Objective Analysis of Capitellum Exposure for Autologous Osteochondral Reconstruction
Christine Cleora Johnson, MD1; Susanne M Roberts, MD2; Lauren Wessel, MD2; Douglas Mintz, MD2; Peter D Fabricant, MD, MPH2; Robert N Hotchkiss, MD3; Aaron Daluiski, MD4; (1)Orthopaedic Surgery, Hospital for Special Surgery, New York, NY, (2)Hospital for Special Surgery, New York, NY, (3)Hand and Upper Extremity, Hospital for Special Surgery, New York, NY, (4)Hand and Upper Extremity Surgery, Hospital for Special Surgery, New York, NY
The location of capitellar osteochondritis dissecans (OCD) lesions in the sagittal plane guides the surgical approach used for autologous osteochondral transplantation (OATS) procedures. The aim of this cadaveric study was to compare the region of capitellum accessible in the sagittal plane through three commonly used surgical approaches: 1) posterior anconeus-split; 2) lateral without release of the lateral collateral ligament (LCL-preserving lateral approach); and 3) lateral approach with release of the lateral collateral ligament (LCL-sacrificing lateral approach).

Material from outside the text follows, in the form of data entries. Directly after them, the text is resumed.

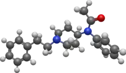 Acetylfentanyl (acetyl fentanyl) is an opioid analgesic drug that is an analog of fentanyl.[4] Studies have estimated acetylfentanyl to be 15 times more potent than morphine,[5][6] which would mean that despite being somewhat weaker than fentanyl, it is nevertheless still several times stronger than pure heroin. It has never been licensed for medical use and instead has only been sold on the illicit drug market. Acetylfentanyl was discovered at the same time as fentanyl itself and had only rarely been encountered on the illicit market in the late 1980s. However, in 2013, Canadian police seized 3 kilograms of acetylfentanyl.[7] As a μ-opioid receptor agonist, acetylfentanyl may serve as a direct substitute for oxycodone, heroin or other opioids. Common side effects of fentanyl analogs are similar to those of fentanyl itself, which include itching, nausea, and potentially fatal respiratory depression. Fentanyl analogs have killed hundreds of people throughout Europe and the former Soviet republics since the most recent resurgence in use began in Estonia in the early 2000s, and novel derivatives continue to appear.[8][9][10]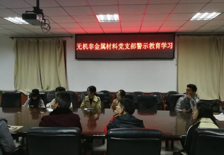 2019年10月12日,材料学院无机非金属材料学生党支部在院办会议室进行了支部内的廉政警示教育,以观看廉政警示教育片——《贪与悔》、总结违法违纪案件的形式,让支部成员从中汲取经验,引以为鉴,坚守廉政底线,深入贯彻“不忘初心、牢记使命”主题教育工作,切实增强纪律观念,严格执行纪律规定,以新担当新作为奋力开创事业发展新局面。
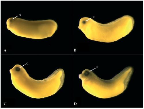the developing eye (e). Expression in the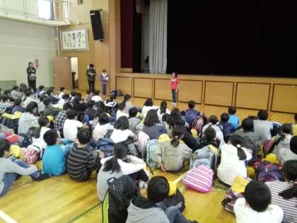 雨は小降りになっていますが、運動場がぬかるんでいるので、体育館で解団式を行いました。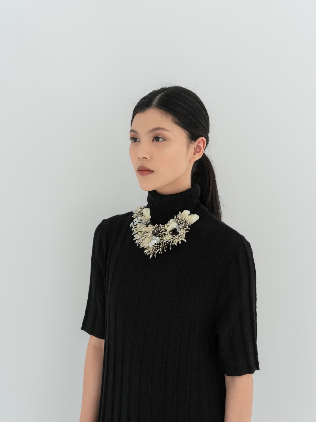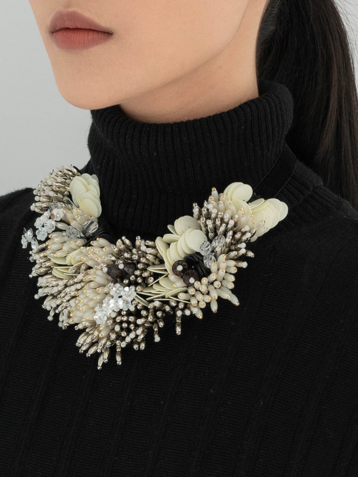 Flannel embellished necklace featuring white and silver rice beads, clear and black acrylic beads, white rounded shape beads, with velvet lace fastening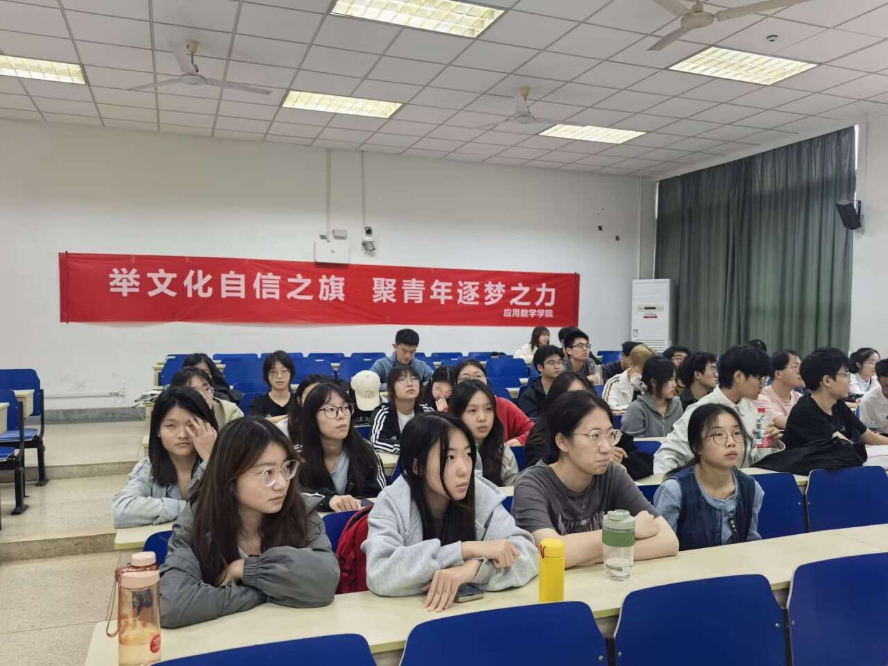 为培养和造就一批用马克思主义中国化最新成果武装头脑的青年马克思主义者,增强广大青年对中国特色社会主义的道路自信、理论自信、制度自信、文化自信,我们团委于10月13日中午在仙林校区德业楼115教室举办第九期青马班第二讲暨青马公开课,本次活动以“举文化自信之旗,聚青年逐梦之力”为主题,学院团委书记李攻明老师主讲,我们第九期青马班全体学员参加。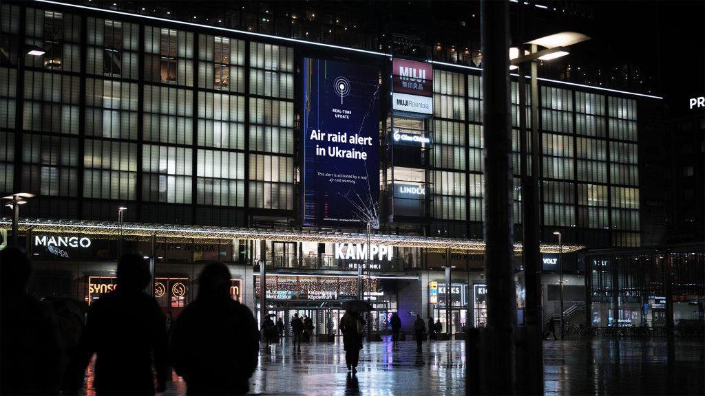 El sistema, desarrollado por el colectivo SipuliGroup, convierte una red de pantallas OOH convencional en un medio reactivo que conecta directamente a Helsinki, a más de 1,300 kilómetros de la frontera ucraniana, con el día a día del conflicto.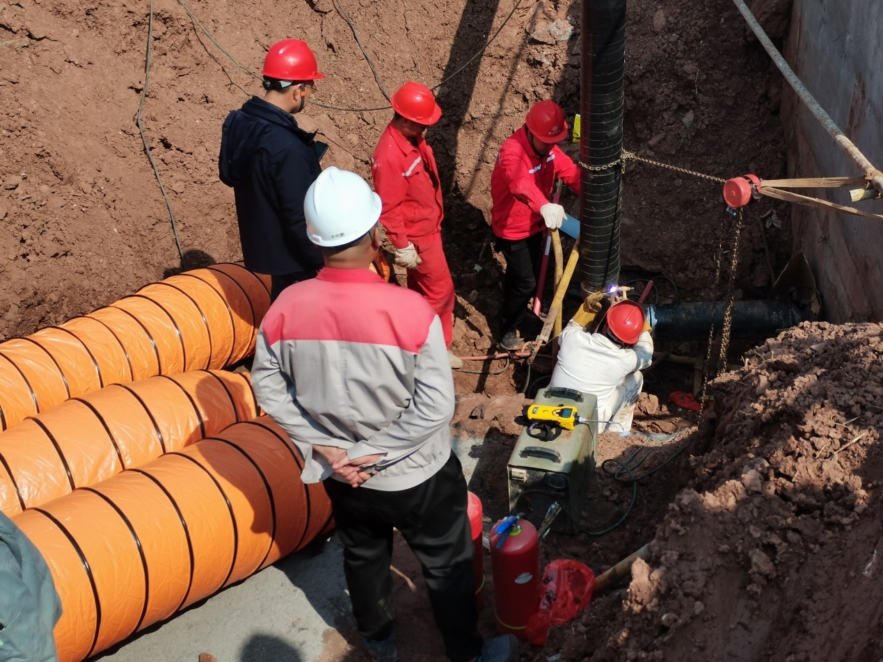 2022年3月3日,施工現(xiàn)場已嚴(yán)格按照動火連頭施工方案落實(shí)了人員組織、施工警戒區(qū)域、消防安全保證措施等,并在取得特殊動火工作票后,于當(dāng)天上午9點(diǎn)左右開始施工,施工單位河南萬佳建設(shè)工程有限公司、安徽省皖能港華天然氣有限公司、監(jiān)理單位北京華業(yè)恒基工程項(xiàng)目管理有限公司、建設(shè)單位黃山綠洲新型建筑材料有限公司、黃山新洲建設(shè)集團(tuán)有限公司等相關(guān)單位負(fù)責(zé)人及領(lǐng)導(dǎo)帶隊(duì)堅(jiān)守一線、嚴(yán)密監(jiān)控動火現(xiàn)場、合理調(diào)配各項(xiàng)資源。經(jīng)過全體人員近5個(gè)多小時(shí)的緊張工作,動火連頭作業(yè)順利結(jié)束。這也推動了黃山綠洲新型建筑材料有限公司順利投產(chǎn)的進(jìn)度。

Three approaches were sequentially performed on fresh frozen cadaveric upper extremities: posterior anconeus-splitting (n=9), LCL-preserving lateral approach (n=9), and LCL-releasing lateral approach (n=9). For each approach, an OATS harvester was used to demarcate the accessible capitellar region, and the anterior and posterior extents of visualization were marked with Kirschner wires. Each elbow then underwent computed tomography, and the visible surface obtained with each approach was quantified as degrees on the capitellum. Consistent with previous methodology, the 0° axis was defined in relation to the anterior humeral line and capitellum center. Mean extent of anterior, posterior and total arc exposure was calculated for each approach. Repeated measures analysis of variance (RM-ANOVA) with Bonferroni correction was used to determine mean within-specimen, between-approach differences and test for statistical significance. All tests were two-tailed and P=0.05 was used as the threshold for statistical significance.
The LCL-preserving and LCL-sacrificing lateral approaches provided more exposure of the anterior capitellum (mean anterior extent, 0.0 degrees) than the anconeus-split approach (mean anterior extent, 82.6 degrees; p<0.001). The anconeus-split approach provided access to more posterior capitellum (mean posterior extent, 215.0 degrees) than both the LCL-preserving lateral approach (mean, 117.1 degrees, p<0.001) and the LCL-sacrificing lateral approach (mean, 145.0 degrees, p<0.001). The LCL-sacrificing lateral approach allowed for significantly more posterior exposure than the LCL-preserving lateral approach (p<0.001), as shown in Figure 1. The mean arc of visualization was significantly greater for LCL-sacrificing lateral approach (mean, 145.0 degrees) than the LCL-preserving lateral approach (mean, 117.1 degrees; p=0.002), as shown in Figure 2.
The posterior anconeus-splitting approach, the LCL-preserving lateral approach, and the LCL-releasing lateral approach allow variable access to the capitellum for autologous osteochondral reconstruction. Based on these results, posterior lesions may be most accessible through an anconeus-splitting approach, while either lateral approach may provide exposure of anterior-based lesions. This data can inform clinical decisions regarding the appropriate surgical approach for any given OCD lesion based on sagittal lesion location.